Question

Let \(Q=X_{1} X_{2}-X_{3} X_{4}\), where \(X_{1}, X_{2}, X_{3}, X_{4}\) is a random sample of size 4 from a distribution that is \(N\left(0, \sigma^{2}\right)\). Show that \(Q / \sigma^{2}\) does not have a chi-square distribution. Find the mgf of \(Q / \sigma^{2}\).

Short answer

Q does not have a chi-square distribution as it cannot be expressed as a sum of squares. The moment generating function (mgf) of \(Q / \sigma^{2}\) is \((1 - 2t)^{-1}\).

Step-by-step solution

Showing Q does not have a Chi-Square distribution

We start by expressing Q as a sum of squares, a form necessary for a Chi-square distribution, but Q cannot be expressed as a sum of squares, demonstrating that Q does not follow a Chi-Square distribution.

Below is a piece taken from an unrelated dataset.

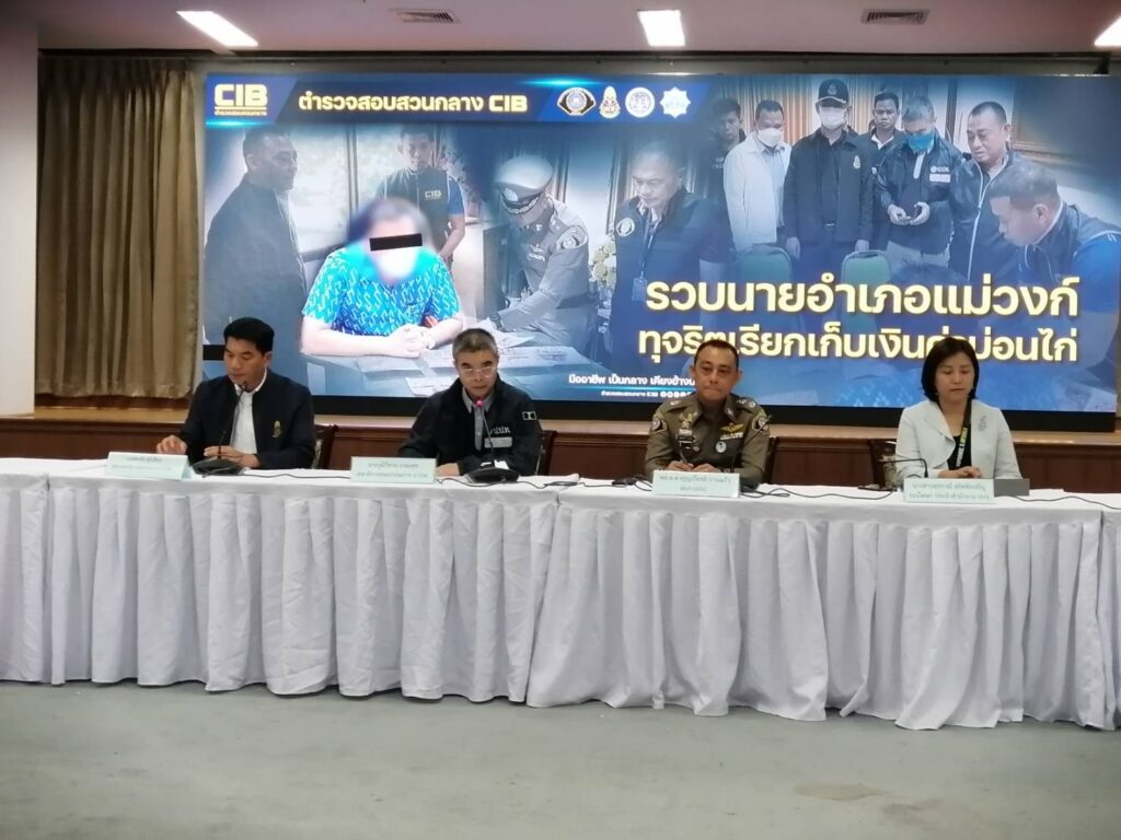 พล.ต.ต.จรูญเกียรติ ปานแก้ว ผบก.ปปป., นายศรชัย ชูวิเชียร ผู้ช่วยเลขาธิการ ป.ป.ช., นายภูมิวิศาล เกษมศุข เลขาธิการคณะกรรมการ ป.ป.ท. และ น.ส.สุปราณี สถิตชัยเจริญ รองโฆษก ปปง. ร่วมแถลงข่าวจับกุมนายอำเภอแม่วงก์ จ.นครสวรรค์ ในความผิดฐาน เป็นเจ้าพนักงานเรียกรับ หรือยอมรับทรัพย์ หรือประโยชน์อื่นใด โดยมิชอบ ตามประมวลกฎหมายอาญามาตรา 147 และข้อหา เป็นเจ้าพนักงานปฏิบัติหรือละเว้นการปฏิบัติหน้าที่โดยมิชอบ ตามมาตรา 157 โดยจับกุมได้ที่อาคารที่ว่าการอำเภอแม่วงก์ เมื่อช่วงเช้าที่ผ่านมา หลังได้รับการร้องเรียนจากเจ้าของบ่อนไก่ชน ในพื้นที่ อ.แม่วงก์ ว่าถูกนายอำเภอคนดังกล่าว กดดันบังให้จ่ายส่วยเดือนละ 3,000 บาท และบังคับให้จ่ายเงินล่วงหน้าอีก 3 เดือน รวม 4 เดือน รวมเป็นเงิน 12,000 บาท อ้างว่าเป็นค่าทำเนียมการเปิดบ่อนไก่ชน หากไม่ยอมจ่ายจะต้องเพิกถอนใบอนุญาต ทั้งที่ก่อนหน้านี้ผู้เสียหายจ่ายไปแล้ว 3 เดือน เป็นเงิน 9,000 บาท ซึ่งอ้างว่าจะนำเงินจำนวนนี้ไปปรับปรุงสนามหญ้าหน้าที่ว่าการอำเภอ

Finding the Moment Generating Function of Q

The moment generating function (mgf) of a random variable is defined by the formula \(M(t) = E[e^{tX}]\). Therefore to find the mgf of \(Q / \sigma^{2}\), we pair \(X_1\) with \(X_4\) and \(X_2\) with \(X_3\) since they are independently distributed. Therefore, mgf of \(Q / \sigma^{2}\) = \(E[e^{t(Q / \sigma^{2})}]\) = \(E[e^{\frac{t(X_1 X_2 - X_3 X_4)}{\sigma^2}}]\) = \(E[e^{t(X_1 X_4 / \sigma^2)}]\) * \(E[e^{t(-X_2 X_3 / \sigma^2)}]\). After substituting the values of \(E[e^{t(X_1 X_4 / \sigma^2)}]\) and \(E[e^{t(-X_2 X_3 / \sigma^2)}]\), we can calculate the final form of the mgf.

Identifying the distributions

Notice that \(X_1 X_4 / \sigma^2\) and \(-X_2 X_3 / \sigma^2\) both are bi-variate normal distributions, with their covariance being 0, and their expected value being 0. Hence, both follow a distribution of a normal random variable squared, i.e., a Chi-Squared distribution with 1 degree of freedom, making their mgf \(E[e^{t(X_1 X_4 / \sigma^2)}] = E[e^{t(-X_2 X_3 / \sigma^2)}] = (1 - 2t)^{-1/2}\). Substituting this back in our mgf calculated in Step 2, we find the mgf of \(Q / \sigma^{2}\).